(Records to process):
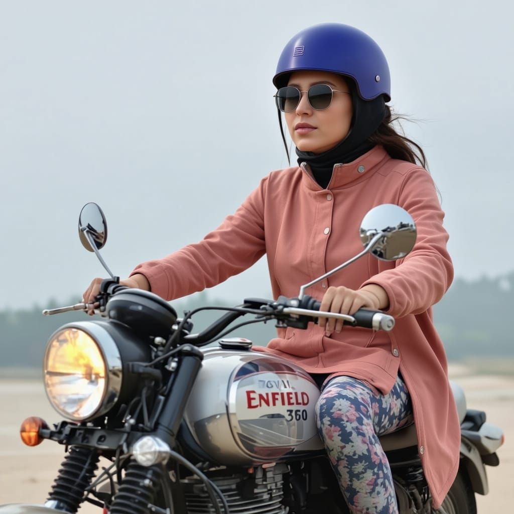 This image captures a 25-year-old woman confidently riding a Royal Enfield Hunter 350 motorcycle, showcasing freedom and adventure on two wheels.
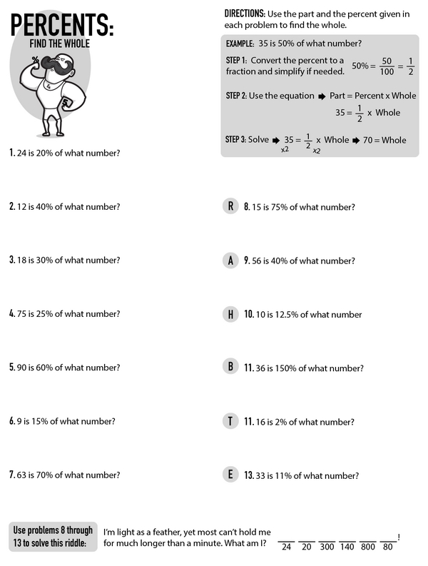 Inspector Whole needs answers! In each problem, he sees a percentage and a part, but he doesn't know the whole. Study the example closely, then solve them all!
...
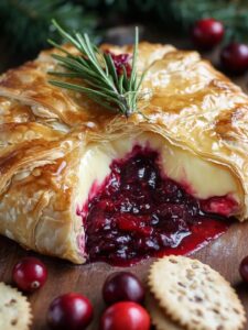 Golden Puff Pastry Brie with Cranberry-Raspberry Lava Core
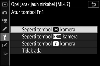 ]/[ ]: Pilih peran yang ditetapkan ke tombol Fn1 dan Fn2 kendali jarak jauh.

(Work request): Using the entries above, transcribe every line from the line containing "This image captures" through the line containing "Inspector Whole needs". Do not copy pictures.

(Solution to this exercise):
 This image captures a 25-year-old woman confidently riding a Royal Enfield Hunter 350 motorcycle, showcasing freedom and adventure on two wheels.
 Inspector Whole needs answers! In each problem, he sees a percentage and a part, but he doesn't know the whole. Study the example closely, then solve them all!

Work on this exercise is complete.